Grand Duke Michael's Tournament was a professional invitational golf tournament played at Cannes Golf Club in Cannes, France, and promoted by the Grand Duke Michael Mikhailovich of Russia. The event was held just once, on 26 February 1907. The tournament was contested by 12 invited players. The main event was a stroke-play contest over 36 holes, won by Arnaud Massy, a stroke ahead of Ted Ray.

==History==
In October 1906 it was announced that Grand Duke Michael was organising a professional tournament at Cannes. By January 1907 the arrangements were complete and a field of 10 was announced with the meeting to take place from 25 to 27 February.

Eventually 12 players were invited to play in the event. These were: James Braid, Bernard Callaway, Christopher Callaway, Sandy Herd, Rowland Jones, Arnaud Massy, Ted Ray, Ben Sayers, J.H. Taylor, Harry Vardon, Tom Vardon and Jack White. The field thus contained all the leading players, including all recent winners and runners-up in the Open Championship. Massy, the only Frenchman, had performed well in recent Opens and had won the inaugural French Open in 1906. The Callaway brothers, late additions to the field, were less well known and were professionals in Switzerland, Bernard at Maloja and Christopher at St Moritz.

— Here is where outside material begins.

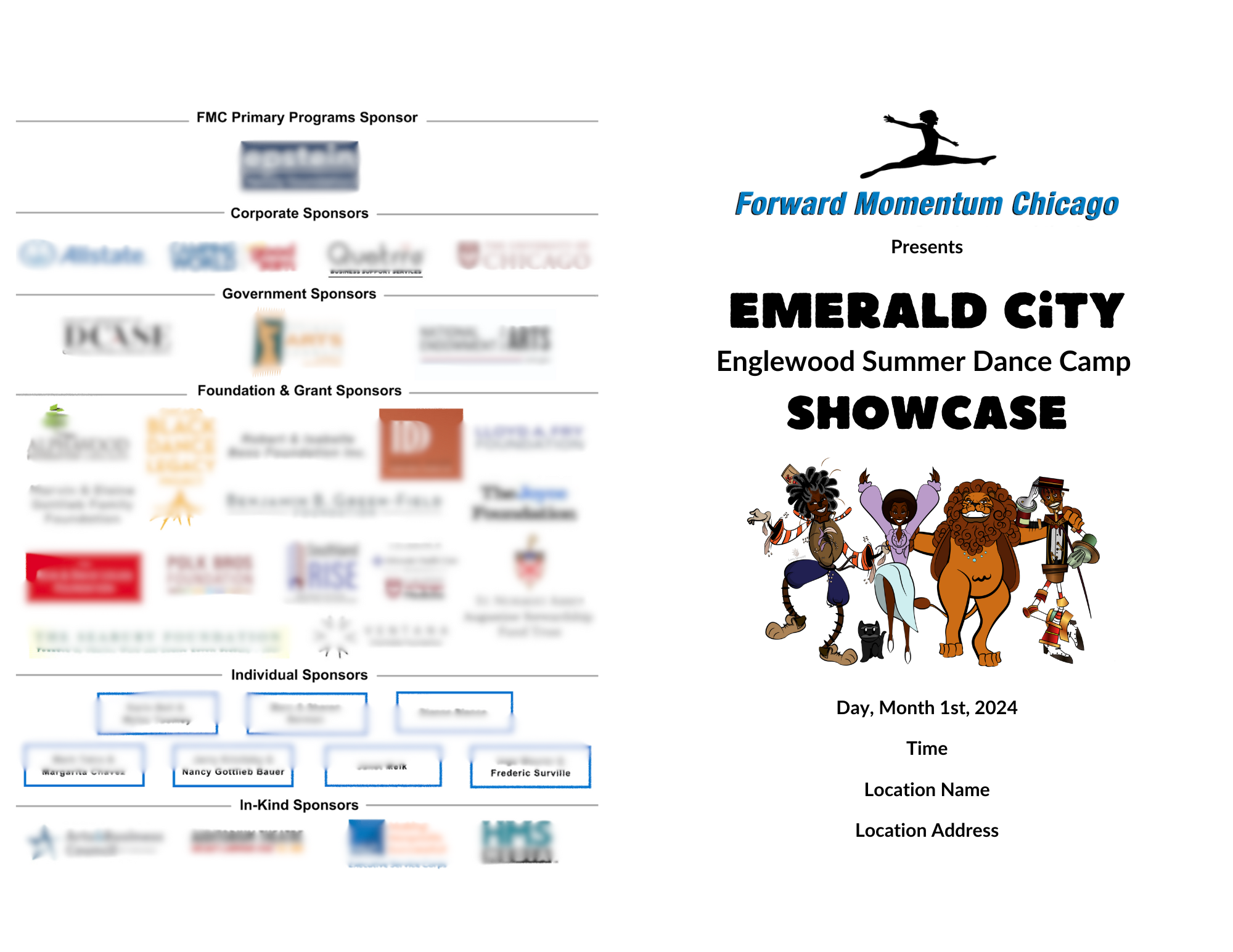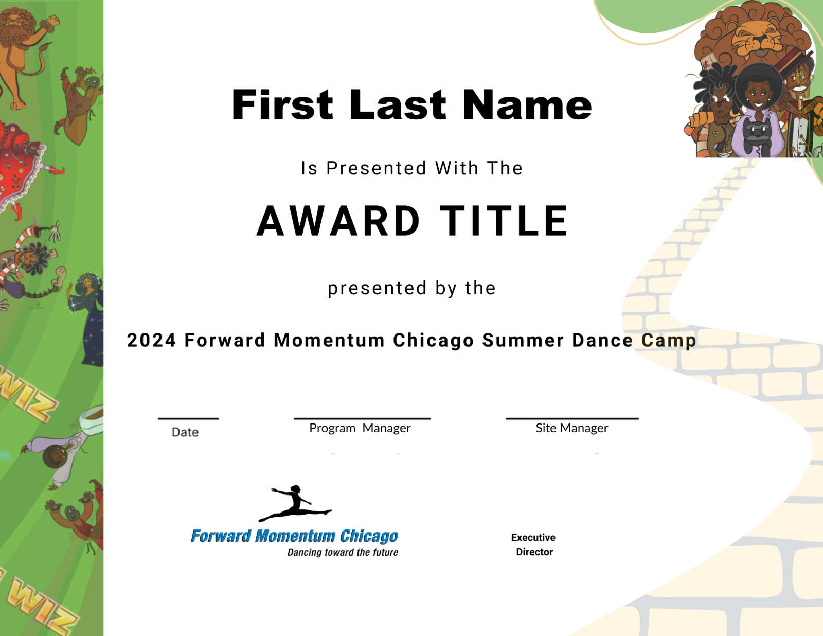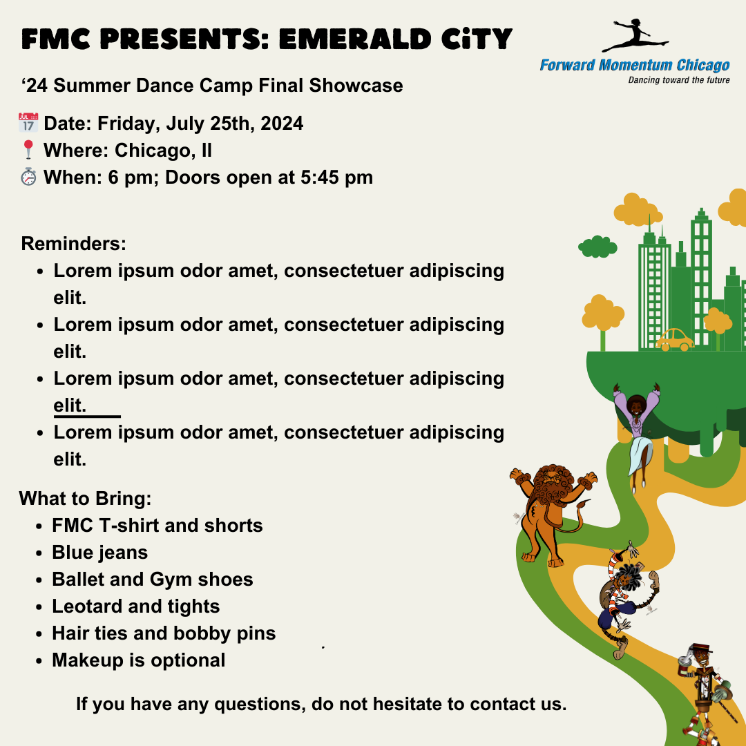 Forward Momentum Chicago is an arts nonprofit that inspires the possibilities of dance through education programs. Each year, they provide the children of Chicago with a five or six-week all-day summer dance camp. This year's theme was Emerald City! All Things The Wiz and The Wizard of Oz.

The main event was played on 26 February and was a 36-stroke play tournament. J.H. Taylor led after the first round with a 72 with Arnaud Massy and Ted Ray on 75. Massy had taken 6 at the last to spoil a good round. In the afternoon Taylor reached the turn in 37 and was then two ahead of Ray and four ahead of Massy. Taylor, however, had a poor last 9, taking 43 and Massy, coming home in 36, beat Ray by a stroke. Rowland Jones had the best afternoon round, scoring 72. The first prize was £50 given by The Cannes club together with £12 and a golf club given by the town of Cannes. Second prize amounted to £33 with £15 for third.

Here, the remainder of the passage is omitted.